Imagine going to school and being able to sit in a beanbag or lie on a pillow on the floor to read your favourite book! Further still, stand at your desk or even sit on a stool. Teachers at Sunshine Beach State School have seen the benefits of providing a flexible seating routine in their classrooms.
Flexible seating moves away from the traditional approach of students having their own desk. Instead, allowing students to choose their seating option.
The problem with traditional desks
Traditional desks can make students territorial or possessive over their space and supplies. While flexible seating encourages students to share both. Regular movement is also used as a tool to use up excess energy, improve metabolism and increase oxygen flow to the brain.
Year 3 teacher, Vanessa Flint, had been thinking about using this approach for a few years. And is now beginning her second year operating her classroom with this mindset.
“I always considered myself a very traditional teacher and one day I came to realise that there are constant changes in curriculum and pedagogy, yet classroom layout and environment had seemed to stagnate. I started to read about using a flexible seating approach and I was excited to give it a try. Having a supportive principal certainly helped and seeing the improvement in student engagement and independence has made it worthwhile. I also think the students are empowered by the opportunity to choose their own seat.”
What families think of flexible seating in the classroom
Parent feedback has been encouraging with some parents sharing that they think it is a great opportunity for the students to make decisions about putting themselves in the best situation for their learning, concentration and enjoyment in the classroom. One parent commented, “Our experience of flexible seating has been incredibly positive. The results after introducing this model were almost instant. To a calmer class, and a more responsible and independent set of learners. The classroom set up seemed to be very organised and the kids were encouraged to be independent. My daughter feels empowered by the decisions she can make and seemed to make great choices when she was allowed this autonomy. I was so impressed by how the children operated in this environment.”
What the teachers say
Christine O’Toole, Year 2 teacher, has been operating a flexible environment for two years. And she feels it has been a wonderful change for many reasons.
“Our learners take responsibility for choosing a ‘smart seat’ for their learning. This has made them think carefully about what they need to achieve their best when working on different tasks. Last year, we would often see our learners come inside in the morning and totally rearrange the tables to best suit their needs.
“We also jointly construct a seating agreement that each learner agrees to follow which outlines the expectations of flexible seating for our room. Flexible seating has enhanced our sense of community and has assisted each learner to also take others into consideration as we learn. It has been beneficial to those learners who have a need for freedom in their day as they have been able to make a choice right from the start of their day.
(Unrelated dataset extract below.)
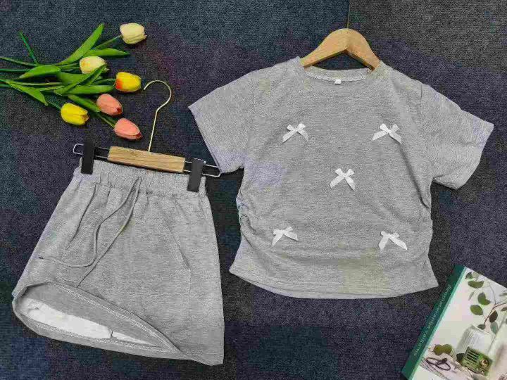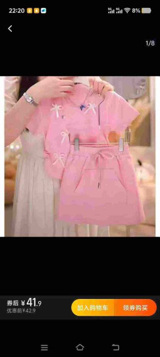 女童没计感时尚洋气蝴蝶结侧拉皱短袖加短裙两件套套装,85棉面料,335套,1-6码,独立包装,全清6.8元,分货+0.5

Having the opportunity to make this decision has also been great for those learners who need to feel they have control over what they do. There is also lots of moving around which is great for learners who are active. We absolutely love our classroom and so many people who visit comment on what a lovely room we have. There’s no going back for us – flexible seating is here to stay!”
Providing a flexible seating environment fits well with the school’s Glasser Choice Theory philosophy. Students are given opportunities to make positive choices regarding responsibility, effort and behaviour daily.